Task prompt: Every line from the one with "NEW YORK - A" up to and including the one with "Hey car enthusiasts!" is to be output exactly as it appears below; pictures are not.

Provided records:
--------------------------------------------------
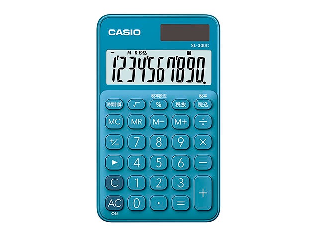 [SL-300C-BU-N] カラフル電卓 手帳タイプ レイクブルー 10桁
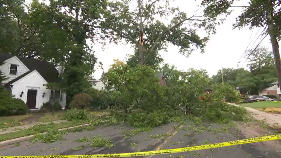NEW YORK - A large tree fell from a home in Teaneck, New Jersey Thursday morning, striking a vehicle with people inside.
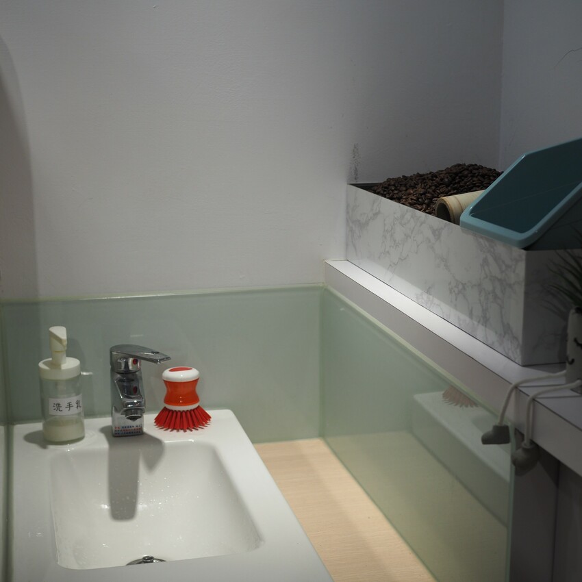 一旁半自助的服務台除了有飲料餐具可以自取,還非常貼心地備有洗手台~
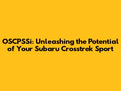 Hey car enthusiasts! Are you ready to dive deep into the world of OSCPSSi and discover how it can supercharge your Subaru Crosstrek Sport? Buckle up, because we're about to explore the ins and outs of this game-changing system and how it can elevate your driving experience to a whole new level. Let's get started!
--------------------------------------------------
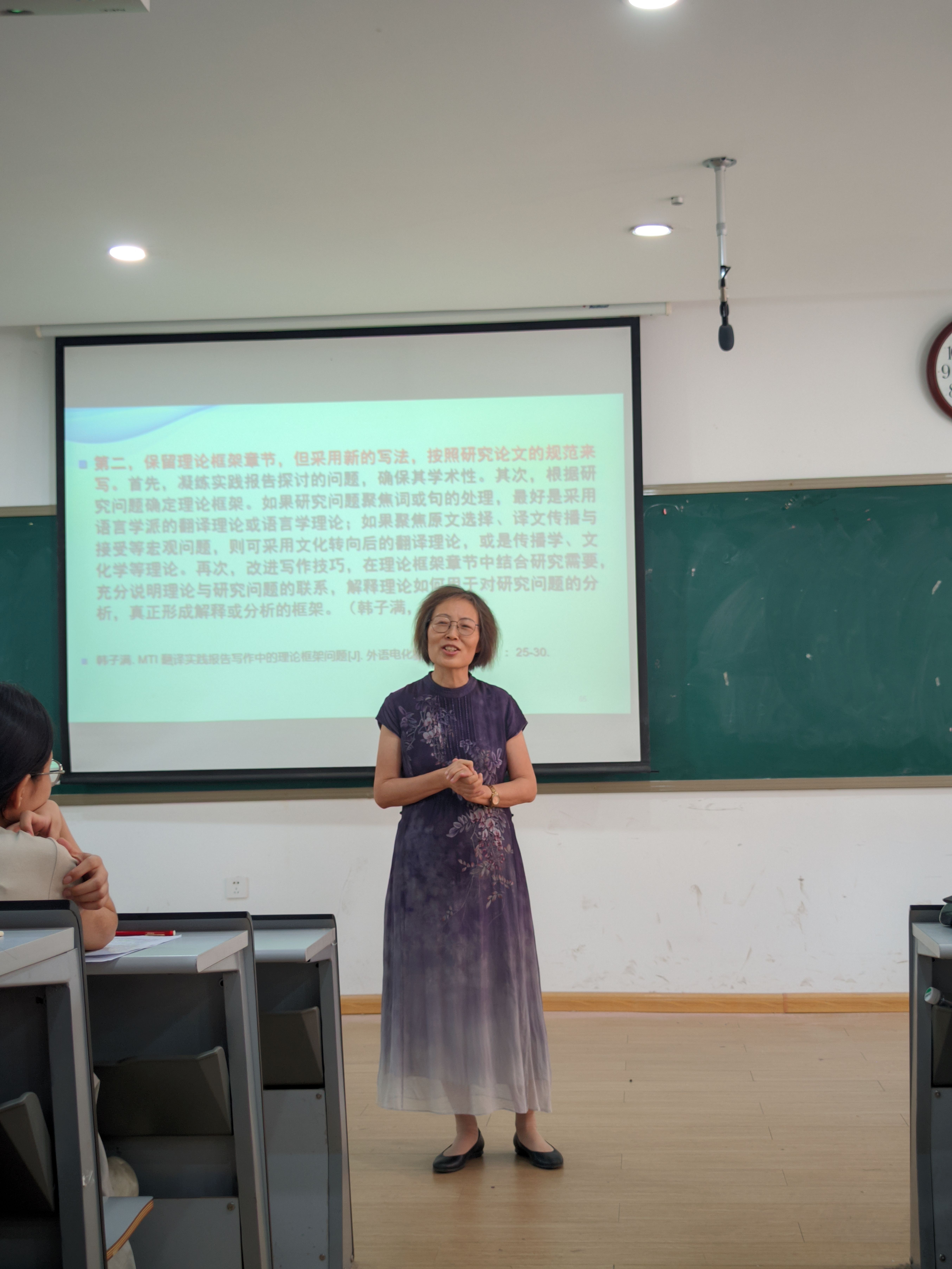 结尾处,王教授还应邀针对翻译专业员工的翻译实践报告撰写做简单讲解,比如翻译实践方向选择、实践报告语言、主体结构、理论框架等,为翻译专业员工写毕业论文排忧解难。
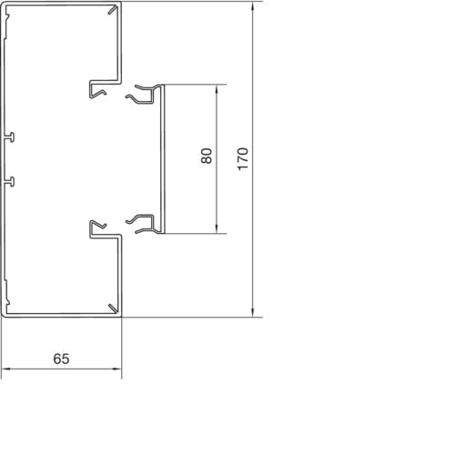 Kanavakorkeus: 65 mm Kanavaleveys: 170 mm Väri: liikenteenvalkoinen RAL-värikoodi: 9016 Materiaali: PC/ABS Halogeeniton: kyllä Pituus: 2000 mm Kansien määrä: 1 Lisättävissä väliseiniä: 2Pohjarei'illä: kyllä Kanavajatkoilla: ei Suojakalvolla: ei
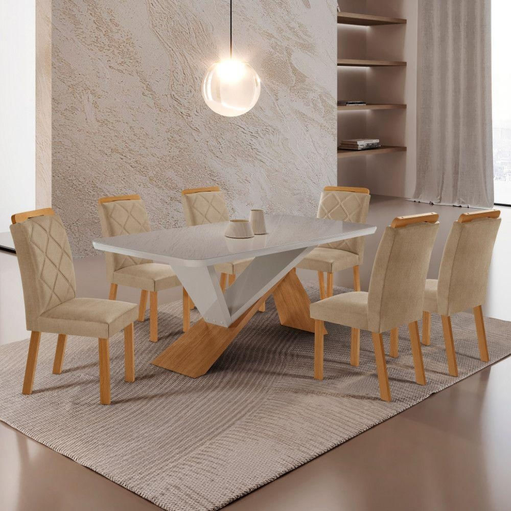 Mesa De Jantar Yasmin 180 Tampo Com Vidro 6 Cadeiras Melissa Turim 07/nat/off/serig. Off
--------------------------------------------------
Exercise solution:
NEW YORK - A large tree fell from a home in Teaneck, New Jersey Thursday morning, striking a vehicle with people inside.
 一旁半自助的服務台除了有飲料餐具可以自取,還非常貼心地備有洗手台~
 Hey car enthusiasts! Are you ready to dive deep into the world of OSCPSSi and discover how it can supercharge your Subaru Crosstrek Sport? Buckle up, because we're about to explore the ins and outs of this game-changing system and how it can elevate your driving experience to a whole new level. Let's get started!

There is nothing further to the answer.